There exist a number of metrics to measure similarity between two items, like the Euclidean distance metric, the Pearson correlation coefficient and the Tanimoto score, and its special case, the Jaccard coefficient/index.

Whenever evaluating similarity between two entities, say, people or items, it is convenient to encode each entity as an $N$-dimensional vector, with each dimension representing some feature. For example, if we have $N$ customers and $M$ products in the catalog, we may, for finding similar items, encode each item as an $N$-dimensional vector with each dimension being the rating given to that item by the $i$-th user, using the value $0$ for no rating at all.

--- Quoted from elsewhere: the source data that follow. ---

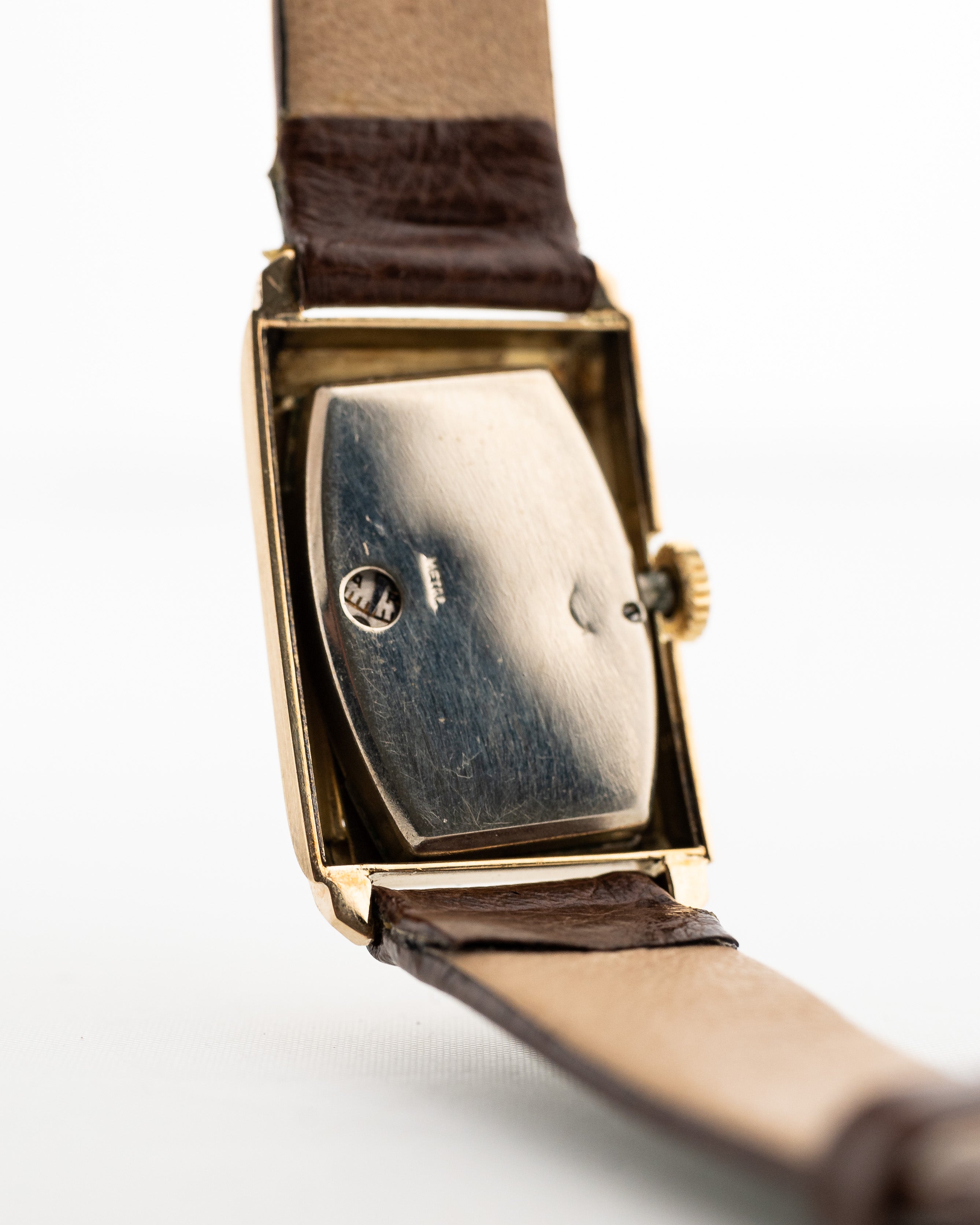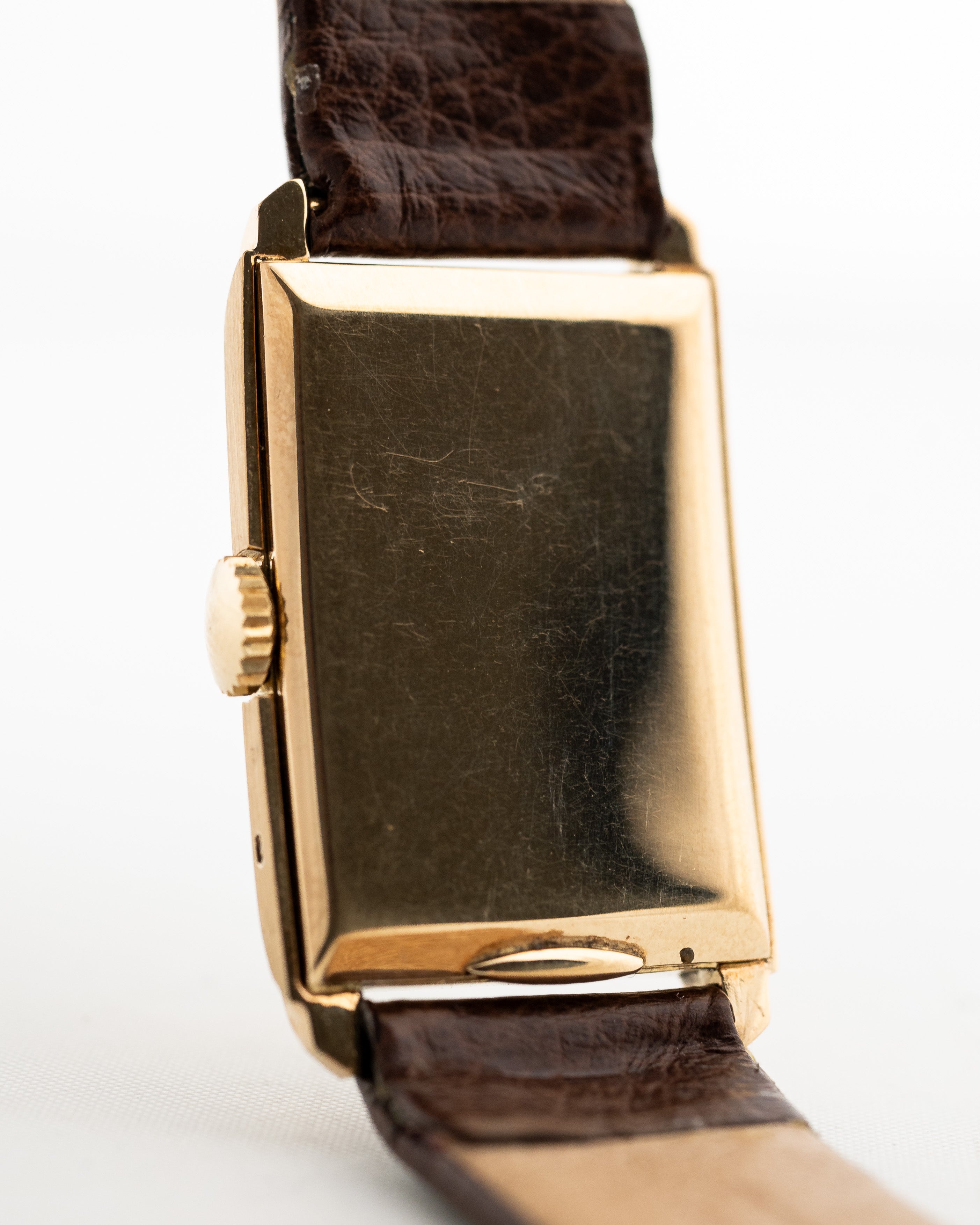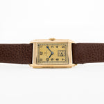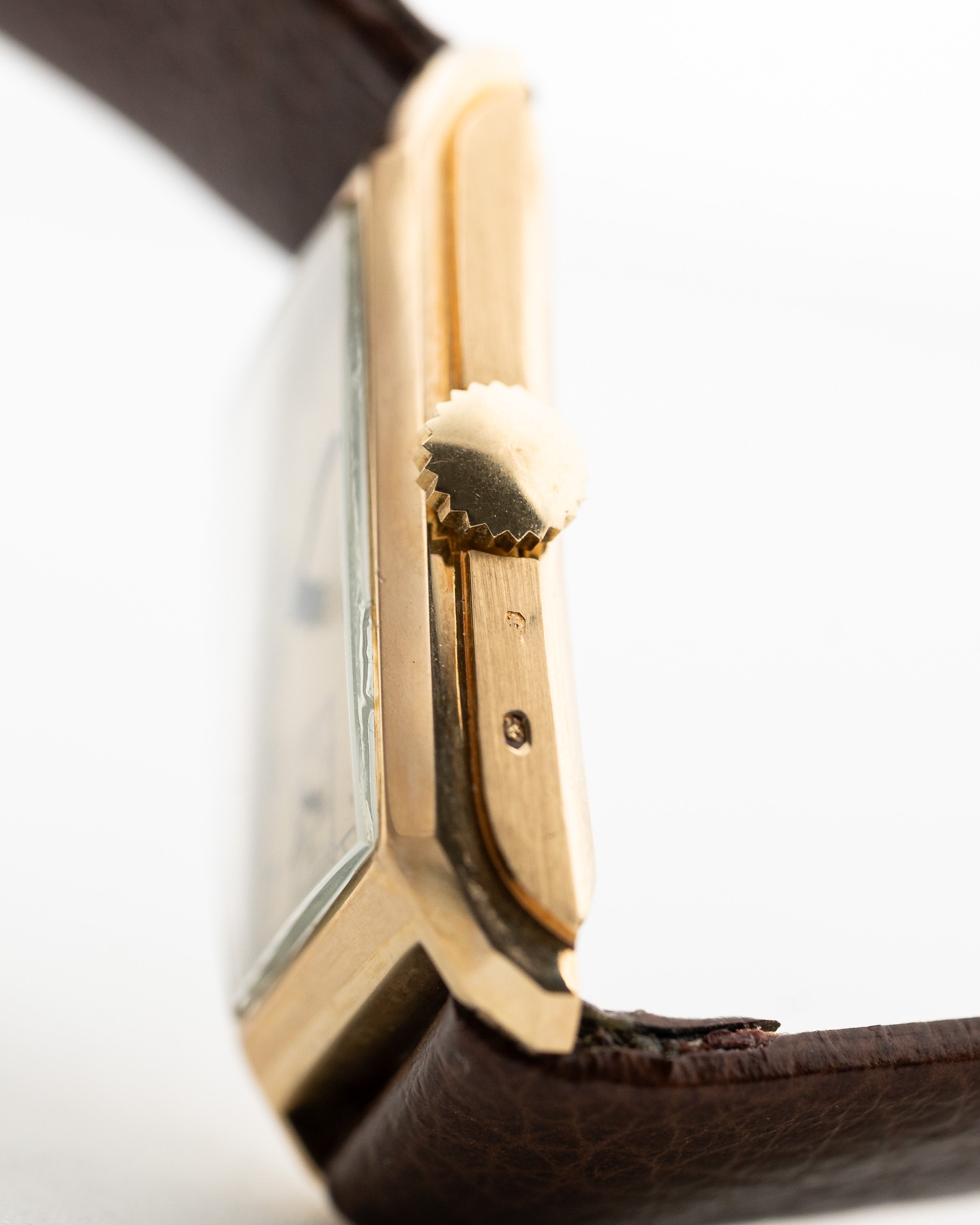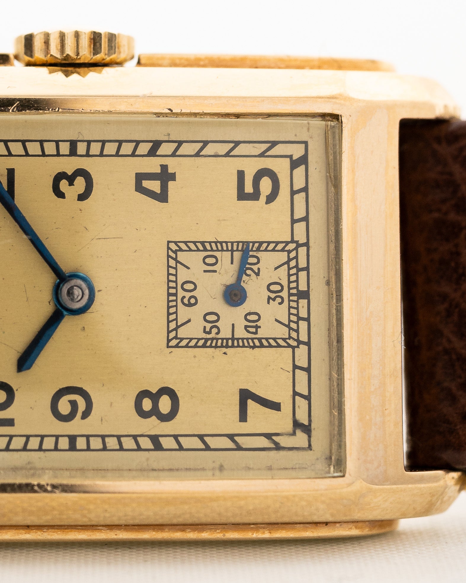 No es el primer reloj de vestir Omega Art Déco del que nos enamoramos. Este ejemplar cuenta con una enorme caja rectangular de oro de 14 quilates y resulta aún más atractivo gracias a su preciosa esfera de color ligeramente dorado con números árabes Art Déco, segundero subsidiario y un maravilloso y exclusivo segundero azul. ¡Y la guinda del pastel es su impresionante estado de conservación!
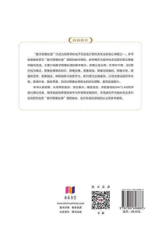 本书从易到难,从简单到复杂,突出重点,难度适宜,并配备相应MATLAB程序进行理论仿真,循序渐进地带领读者学习并掌握关键知识点,非常适合作为相关专业的本科生和研究生的“数字图像处理”课程教材,也可供相关领域的从业者参考使用。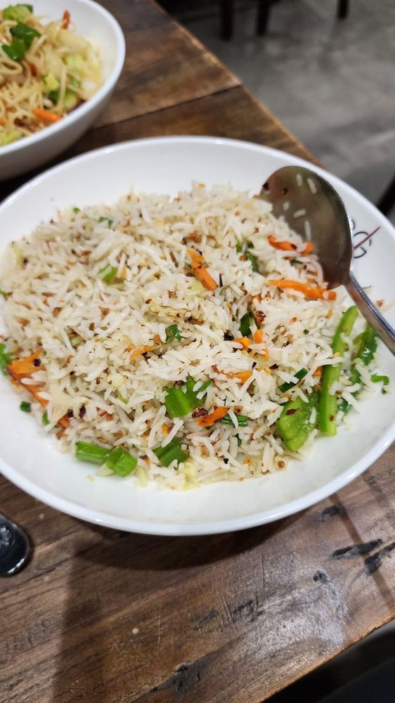 Vegan. Spicy. Battered cauliflower, cilantro, onion, green chili, celery.Lunch Specials served with Veg Spring Roll and Soup of the Day. Includes choice of rice: steamed white/veg/chicken fried rice. Add veg/chicken hakka noodles (extra charge). Add naan/malaysian paratha (extra charge).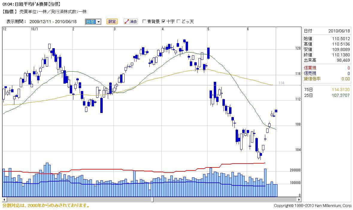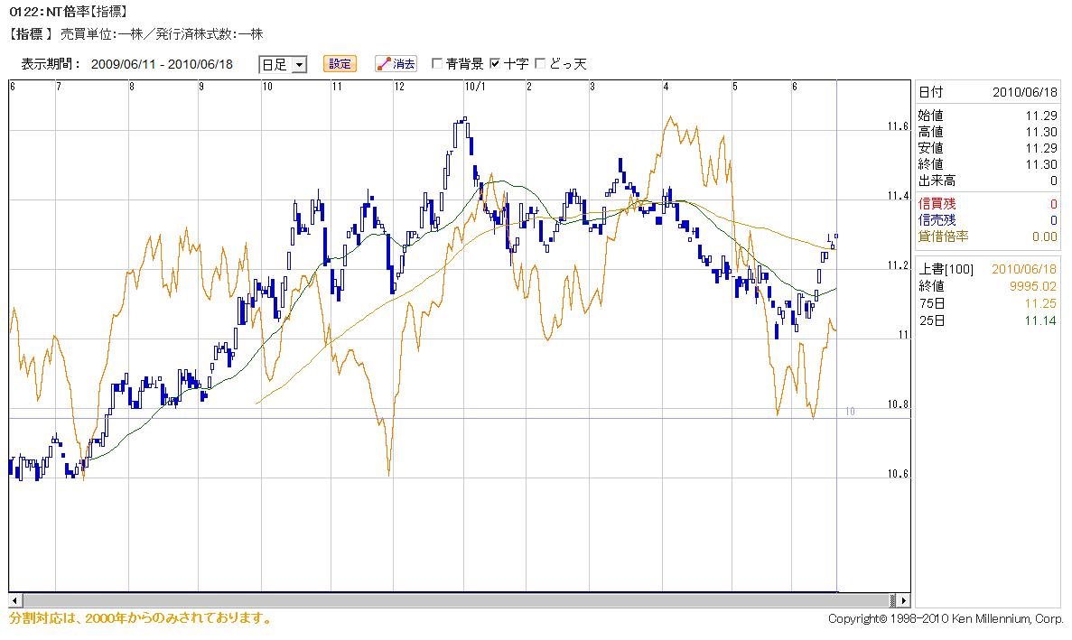 2010/06/20 - Newジェントルマンさんの株式ブログ。タイトル:「NT倍率 & ドル建てNK」 本文:NT倍率は上昇傾向。 ドル建てNKも上昇傾向。 ドル建てで$114~115程度、円にして10、300~10,400オーバーシュートで10,500程度の高値を想定しておく必要がありそうだ。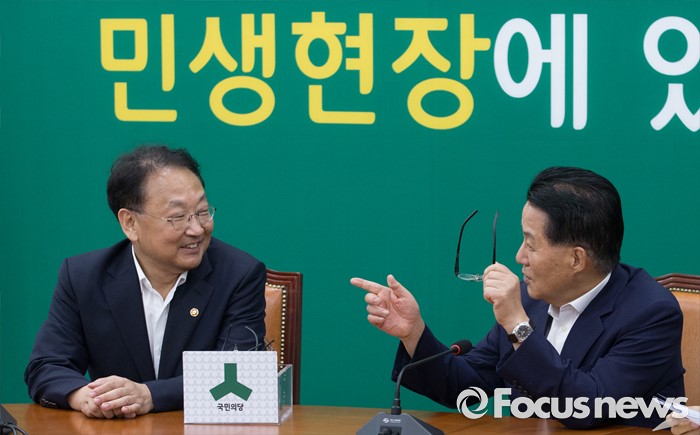 (서울=포커스뉴스) 5일 오전 서울 여의도 국회에서 추경 예산 등 협조를 위해 방문한 유일호(왼쪽) 경제부총리 겸 기획재정부 장관과 박지원 국민의당 비상대책위원장이 면담을 하고 있다.

But sometimes, the values of the features are two valued, i.e., for any vector , where $ x_{ik} $ is either 0 or some positive weight $ W_{ k } $ assigned to the k-th entry . This weight does not depend on $i$ and hence, is the same for all vectors. The Tanimoto coefficient for such a pair of vectors $ \mathbf{ X_{ m } } $ and $ \mathbf{ X_{ n } } $ is given by

$ \begin{ equation } \label{ bg:intmod } T(X_{ m }, X_{ n }) = \frac { X_{ mn } } {X_{ mm } + X_{ nn } - X_{ mn } } \end { equation } $

where $ X_{ij} $ is $ \mathbf{X_{i}}.\mathbf{X_{j}} $ (the vector inner product). Note that the Jaccard index is a special case of the Tanimoto score where $ W_{ k } $ = $ 1 $ for all $ k $ , i.e., the two vectors $ \mathbf{ X_{ m } } $ and $ \mathbf{ X_{ n } } $ are binary/bit vectors.

Implementation in Python

def tanimoto_score(vec1, vec2, weights=None):
    '''
    Return the Tanimoto score between vec1 and vec2. 
    Args:
    	vec1, vec2: The two vectors to find the Tanimoto coefficient for. MUST be
    				of the same length
    Kwargs:
    	weights: If given, this must be an iterable of the same length as vec1 and 
    			 vec2. If kth element of weights, weights[k] = wk, it means that
    			 vec1[k] and vec2[k] can take up values of either 0 or wk. If not
    			 given, or when None, a value of (1, 1, ... upto len(vec1) elements)
    			 is assumed(i.e., the Jaccard index of the binary vectors vec1 and
    			 vec2 is returned in this case).
    
    '''
    N = len(vec1)
    if weights is None:
        valid_ranges = [(0.0, 1.0) for i in vec1]
    else:
        valid_ranges = [(0.0, w) for w in weights]

    assert N == len(vec2) == len(valid_ranges)

    v1v2, v1v1, v2v2 = 0., 0., 0.
    for i in xrange(N):
        if vec1[i] not in valid_ranges[i] or vec2[i] not in valid_ranges[i]:
            raise ValueError('Encountered invalid values. Expected one of {}, ' 
                             'got {} and {}'
                             .format(valid_ranges[i], vec1[i], vec2[i]))
        v1v2 += vec1[i] * vec2[i]
        v1v1 += vec1[i] * vec1[i]
        v2v2 += vec2[i] * vec2[i]
    
    return v1v2 / (v1v1 + v2v2 - v1v2)

If the overhead of the validation is not needed(the common case, maybe), the implementation gets simpler:

def tanimoto_score(vec1, vec2):
    '''
    Return the Tanimoto score between vec1 and vec2. 
    Args:
        vec1, vec2: The two vectors to find the Tanimoto coefficient for. MUST be
                    of the same length
    
    No validation is performed except same length checks. It is assumed that
    the caller passes properly weighted data.

    '''
    N = len(vec1)
    
    assert N == len(vec2)
    
    v1v2, v1v1, v2v2 = 0., 0., 0.
    for i in xrange(N):
        v1v2 += vec1[i] * vec2[i]
        v1v1 += vec1[i] * vec1[i]
        v2v2 += vec2[i] * vec2[i]

    return v1v2 / (v1v1 + v2v2 - v1v2)

Both these implementations return a value between 0 and 1, with a higher value indicating more similarity.